Most often it is convenient to group several policy tags together into a hierarchy – for example in a „highly-sensitive“ (e.g. consisting of policy tags „pii_credit_card_number“, …) and „low-sensitive“ group („pii_timestamp“, „pii_location“, …). Data catalog allows this grouping with so-called taxonomies. This furthermore facilitates the process of granting access to columns since now you only need to grant access to the root node/group, e.g. „highly-sensitive“ and the user will have access to all policy tags defined within that group (see Pic 2).
Furthermore, Data Catalog offers features for data discovery. Once a table is registered (for BQ this happens automatically), it is known to Data Catalog, yielding results if a search is executed for a column name or a description string (https://cloud.google.com/data-catalog/docs/how-to/search-reference).
It is possible to specify the search query in detail, e.g. searching for specific Tags (for example PII).
After having a look at the different components, let’s now review the architecture on a higher level.
In this architecture, Delta is used as a storage layer with ACID capabilities to transform data with different anonymization strategies to meet GDPR requirements. This storage layer is very restricted in access and only usable for service accounts, since it holds sensitive data. This design choice was made because BigQuery provides many features in giving access via IAM and integrates well with solutions like data catalog.
Furthermore, having Delta as a storage layer gives you more flexibility for downstream data applications – imagine that you want to have your data in a rather I/O-intense use case instead of an analytical intense use case. Data could easily be shifted from the same storage location (Delta) to some specific database optimized for that usecase (e.g. BigTable). This also offers more flexibility in case of moving to another cloud or even to an on-premise architecture since Delta has wide support across all these platforms.
In this architecture, Delta serves as a single source of truth: When a retention or DDR triggers the anonymization jobs (Spark on Dataproc), the corresponding data is anonymized and afterwards provisioned to BigQuery in the GDPR compliant form, ready for consumption.
On the one hand, this separation of storage and access layer (Delta & BigQuery) might result in more work and a higher cloud bill (since both systems hold the data).

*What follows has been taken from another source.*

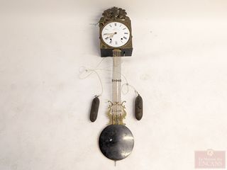 ![]() | #236 | Horloge murale Chometon avec cadran en métal émaillé, sa clef, son pendule et ses poids, datant de 1878, l'horloge mesurant 16.5 pouces de hauteur et le pendule mesurant 42.5 pouces de hauteur Horloge murale Chometon avec cadran en métal émaillé, sa clef, son pendule et ses poids, datant de 1878, l'horloge mesurant 16.5 pouces de hauteur et le pendule mesurant 42.5 pouces de hauteur | |

On the other hand, it makes your architecture more flexible and robust since data can be always re-provisioned from the access restricted storage layer, if something fails on the access layer.
Summary & Lookout
This article gives an overview on how to be compliant in the sense of DDR and retention and what services on the Google Cloud fit.
This is one approach to how a GDPR-compliant data lake architecture could look like. A thorough analysis of your use cases should be taken into account beforehand. If your use case does not need to access data older than a few days or does not make use of PII data the easiest way to be GDPR-compliant is just dropping data or not ingesting sensitive fields. If you on the other hand need to make sense of your data, e.g. by joining anonymized data in a consistent way, a sophisticated approach & architecture like the one described in this article is needed.